Da der ‚Standard’ des Menschen der Mann ist, gibt es kein Entrinnen vor der unaufhörlichen Beschäftigung mit der Weiblichkeit Livnis – so auch in diesem Beitrag. Wie sind ihre Beziehungen zu ihrem Mann und ihren Kindern? Wer kocht zuhause? Ähnlich Fragen stellte man auch zu Golda Meir, und über männliche Kandidaten pflegt man sehr viel weniger zu fragen. Die Wahlkampfleiter Livnis versuchen auf zwei Hochzeiten gleichzeitig zu tanzen: Sie verzichten nicht auf die Hervorhebung der weiblichen Seite der einzigen weiblichen Kandidatin, womöglich auch aus dem Grund, dass ihr Verhältnis zu ihrem Mann und ihre Kochkünste der Öffentlichkeit leichter zu vermitteln sind als ihre politischen Einstellungen. Andererseits ist die Unnachgiebigkeit in ihrem Führungsstil, ihrem Erscheinungsbild und ihrer Ausdrucksweise erkennbar, wie sie in einem Slogan ihrer Wahlwerbung zum Ausdruck kommt: „Sie ist der einzige Mann in der Regierung.“
All diese in langjährigen kulturellen Traditionen verankerten Stereotypen sind auch dafür verantwortlich, dass das äußere Erscheinungsbild weiblicher Kandidaten, Haarschnitt und Kleidung, mehr Aufmerksamkeit auf sich zieht als das von Männern. Mann sollte sich vor solch einem neugierigen Blick und der Geringschätzung der Frau, die für das wichtigste Amt im Staate Israel kandidiert, hüten. Ob man nun Livni wählt oder nicht – dies darf nicht wegen ihrer Weiblichkeit geschehen.

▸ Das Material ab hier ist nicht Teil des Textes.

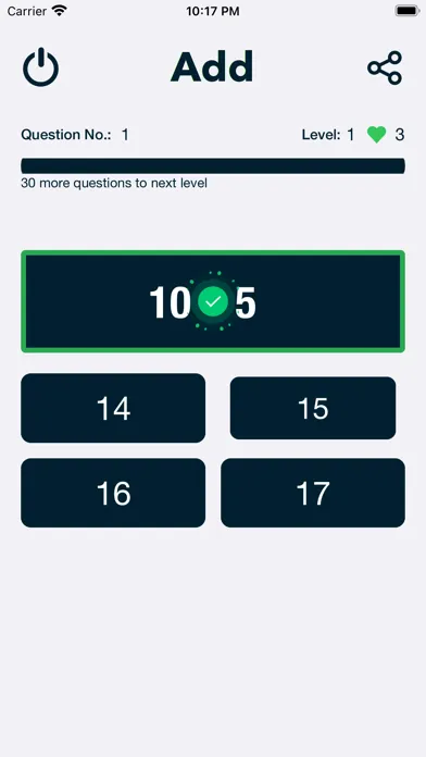Learn mode:- In learn mode , math learner app provides user with different levels to master his math skills and learn math starting from easiest point to difficult one. Each levels of consist of 30 questions. With each level crossed by user, math learner app will increase question complexity. User can set complexity of questions from setting page of app as per his age level or difficulty level. Math learner has 3 different difficulty levels 1) Beginner 2) Average 3) Expert

Das Image dessen, der für das Amt des Ministerpräsidenten kandidiert, muss auf einer klaren politischen Position in den Fragen von Sicherheit und Wirtschaft gegründet sein, die nichts mit Geschlecht oder Gender zu tun haben.
Avia Lieblich ist Emerita für Psychologie an der Hebräischen Universität Jerusalem.